Efficiency when printing progress updates, print x vs if x%y==0: print x - python

I am running an algorithm which reads an excel document by rows, and pushes the rows to a SQL Server, using Python. I would like to print some sort of progression through the loop. I can think of two very simple options and I would like to know which is more lightweight and why.
Option A:
for x in xrange(1, sheet.nrows):
print x
cur.execute() # pushes to sql
Option B:
for x in xrange(1, sheet.nrows):
if x % some_check_progress_value == 0:
print x
cur.execute() # pushes to sql
I have a feeling that the second one would be more efficient but only for larger scale programs. Is there any way to calculate/determine this?

I'm a newbie, so I can't comment. An "answer" might be overkill, but it's all I can do for now.
My favorite thing for this is tqdm. It's minimally invasive, both code-wise and output-wise, and it gets the job done.
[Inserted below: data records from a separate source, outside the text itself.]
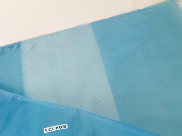 VCI氣相防銹膜(防銹袋)是將高分子聚乙烯樹脂(LDPE)與功能VCI樹脂配比混合,采用現代薄膜共擠技術生產的新一代復合防銹薄膜。具有良好的氣化防銹性能、阻隔防潮、使用方便、透明直觀等特點;當用塑料袋包裹金屬產品時,氣相緩蝕劑在封閉空間內氣化并凝聚在所有金屬表面上形成氣相保護層,從而防止金屬產品銹蝕。符合GB-T19532-2004防銹性能要求。
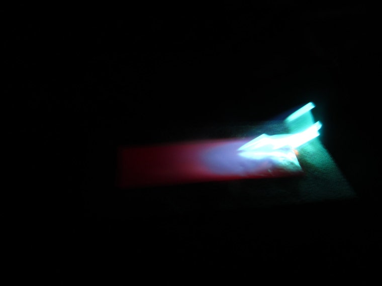 Annealing a copper pipe at night. It is easier to see the metal reach the rose red color needed to soften it. -
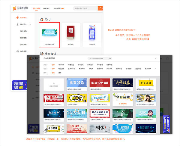 手机海报、公众号推送图、网站banner…内置数10种营销图片尺寸,更有专业设计师
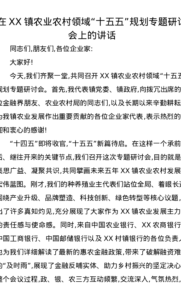 在XX镇农业农村领域“十五五”规划专题研讨会上的讲话
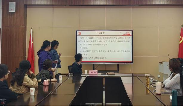 新引进的优秀海外博士胡翔老师与现场党员同志们分享了科研经验和求学心得。他结合自身经历,为支部党员提供了实用建议,帮助大家梳理了读博申请过程中的关键环节与应对策略。胡老师还分享了在德国留学期间的学业与生活体验,个人自主性和意志力得到充分锻炼。
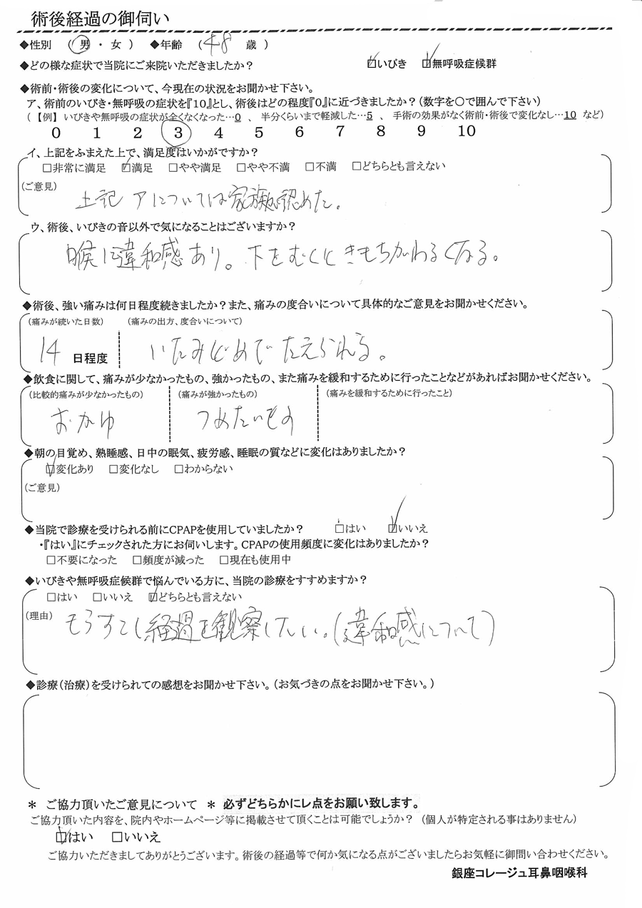 ウ、術後、いびきの音以外で気になる点はございますか?
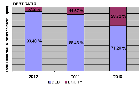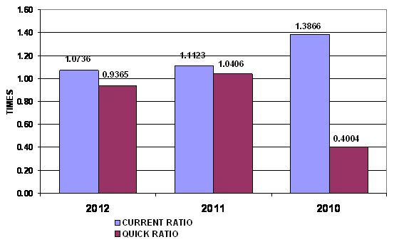 times in 2012 and 2011 respectively. This ratio is determined by dividing total
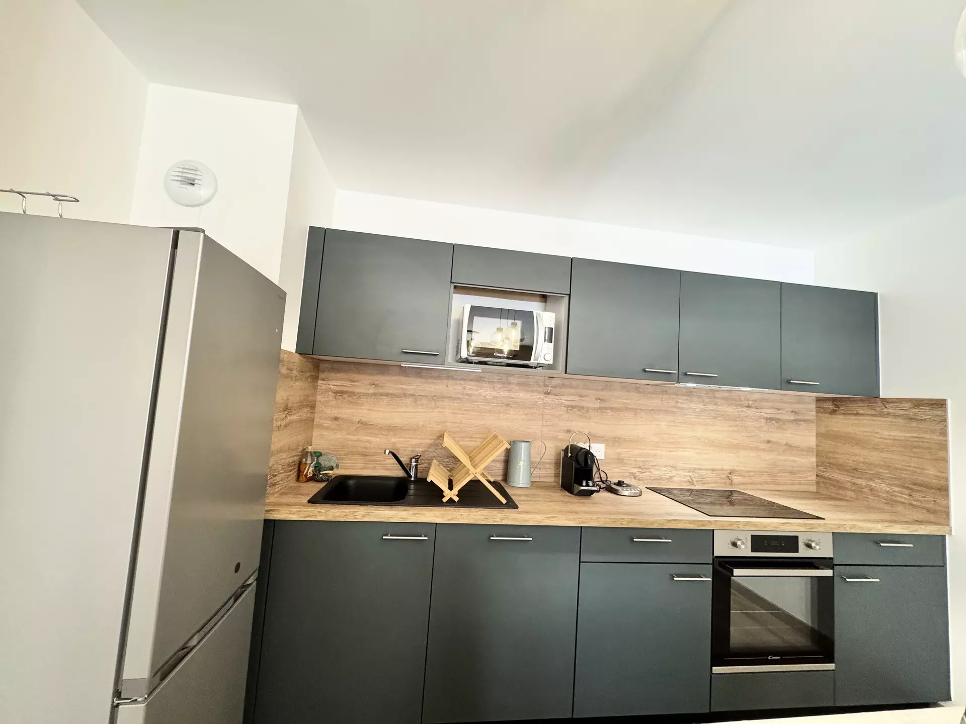 L'équipement de l'appartement comprend: réfrigérateur, four micro-ondes, four traditionnel, plaque à induction, lave-vaisselle et lave-linge.
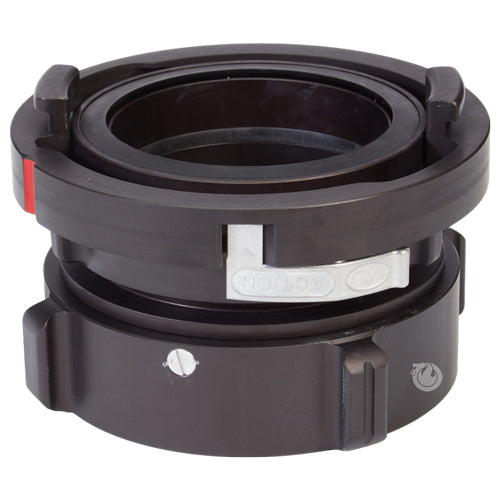 Storz Head component shall be forged from Alloy 6061 aluminum and heat treated to T6 temper. Adapters and components meet the requirements of NFPA 1963. Locking Storz are only available on 4, 5, and 6 inch. Locking springs prevent unintentional disconnects. Locks are stainless steel.
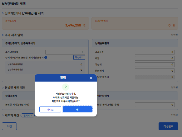 이는 여태까지 입력한 서식이 국세청에 제출하는 표준 신고 양식을 만드는 서식이었기 때문에, 신고서 제출과 동시에 필요한 서류가 생성되어 제출이 된 것이다. (이렇게 세금내기가 쉽다. )
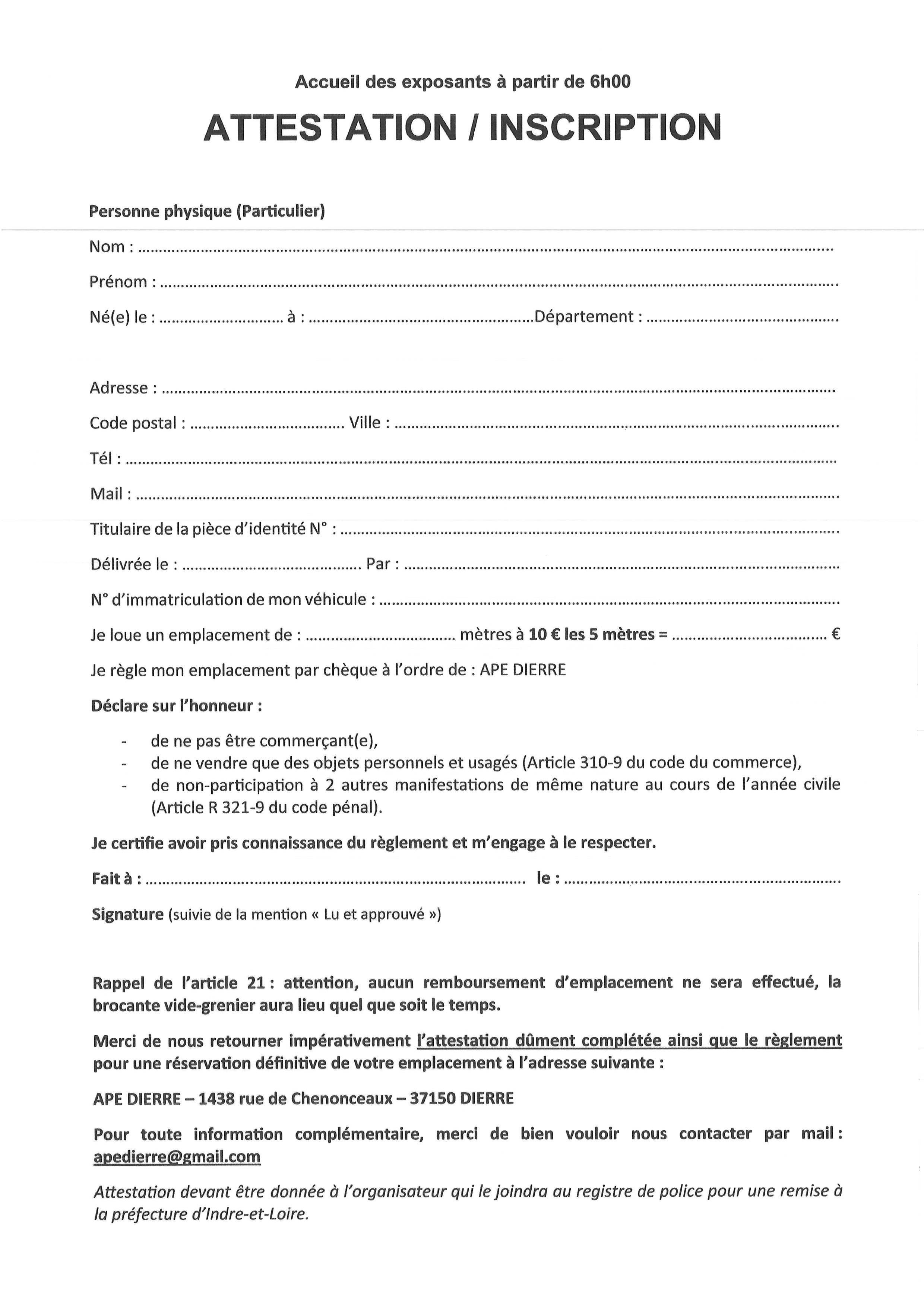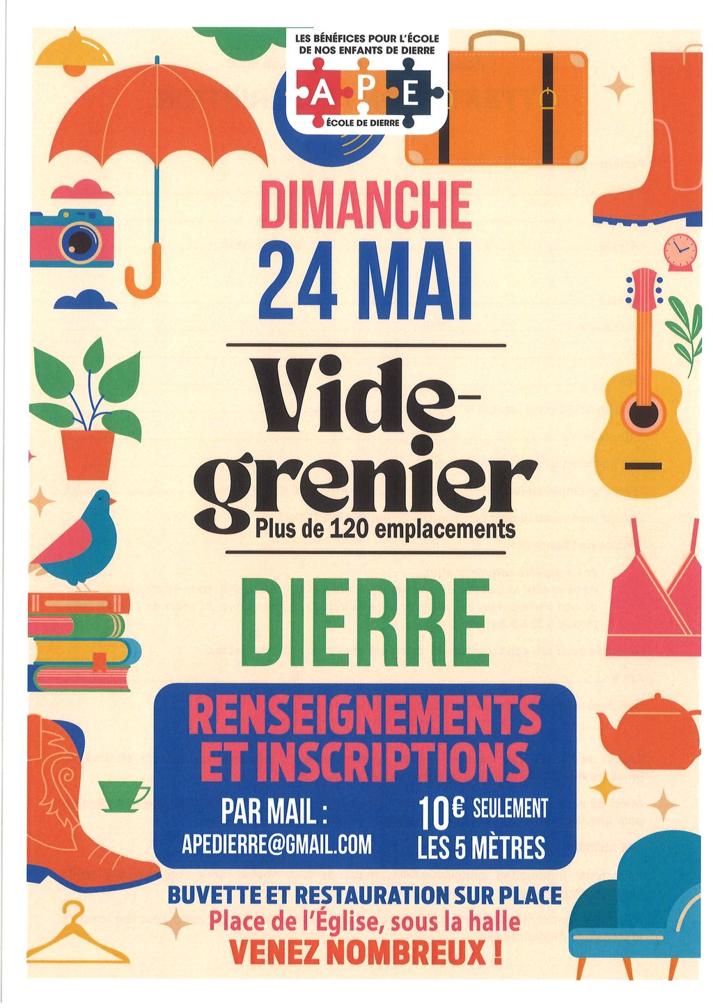 Vide grenier le dimanche 24 mai 2026 place de l'église organisé par l'APE de Dierre

I am one of the developers of tqdm, a Python progress bar that tries to be as efficient as possible while providing as many automated features as possible.
The biggest performance sink we had was indeed I/O: printing to the console/file/whatever.
But if your loop is tight (more than 100 iterations/second), then it's useless to print every update, you'd just as well print just 1/10 of the updates and the user would see no difference, while your bar would be 10 times less overhead (faster).
To fix that, at first we added a mininterval parameter which updated the display only every x seconds (which is by default 0.1 seconds, the human eye cannot really see anything faster than that). Something like that:
import time
def my_bar(iterator, mininterval=0.1)
counter = 0
last_print_t = 0
for item in iterator:
if (time.time() - last_print_t) >= mininterval:
last_print_t = time.time()
print_your_bar_update(counter)
counter += 1
This will mostly fix your issue as your bar will always have a constant display overhead which will be more and more negligible as you have bigger iterators.
If you want to go further in the optimization, time.time() is also an I/O operation and thus has a cost greater than simple Python statements. To avoid that, you want to minimize the calls you do to time.time() by introducing another variable: miniters, which is the minimum number of iterations you want to skip before even checking the time:
import time
def my_bar(iterator, mininterval=0.1, miniters=10)
counter = 0
last_print_t = 0
last_print_counter = 0
for item in iterator:
if (counter - last_print_counter) >= miniters:
if (time.time() - last_print_t) >= mininterval:
last_print_t = time.time()
last_print_counter = counter
print_your_bar_update(counter)
counter += 1
You can see that miniters is similar to your Option B modulus solution, but it's better fitted as an added layer over time because time is more easily configured.
With these two parameters, you can manually finetune your progress bar to make it the most efficient possible for your loop.
However, miniters (or modulus) is tricky to get to work generally for everyone without manual finetuning, you need to make good assumptions and clever tricks to automate this finetuning. This is one of the major ongoing work we are doing on tqdm. Basically, what we do is that we try to calculate miniters to equal mininterval, so that time checking isn't even needed anymore. This automagic setting kicks in after mininterval gets triggered, something like that:
from __future__ import division
import time
def my_bar(iterator, mininterval=0.1, miniters=10, dynamic_miniters=True)
counter = 0
last_print_t = 0
last_print_counter = 0
for item in iterator:
if (counter - last_print_counter) >= miniters:
cur_time = time.time()
if (cur_time - last_print_t) >= mininterval:
if dynamic_miniters:
# Simple rule of three
delta_it = counter - last_print_counter
delta_t = cur_time - last_print_t
miniters = delta_it * mininterval / delta_t
last_print_t = cur_time
last_print_counter = counter
print_your_bar_update(counter)
counter += 1
There are various ways to compute miniters automatically, but usually you want to update it to match mininterval.
If you are interested in digging more, you can check the dynamic_miniters internal parameters, maxinterval and an experimental monitoring thread of the tqdm project.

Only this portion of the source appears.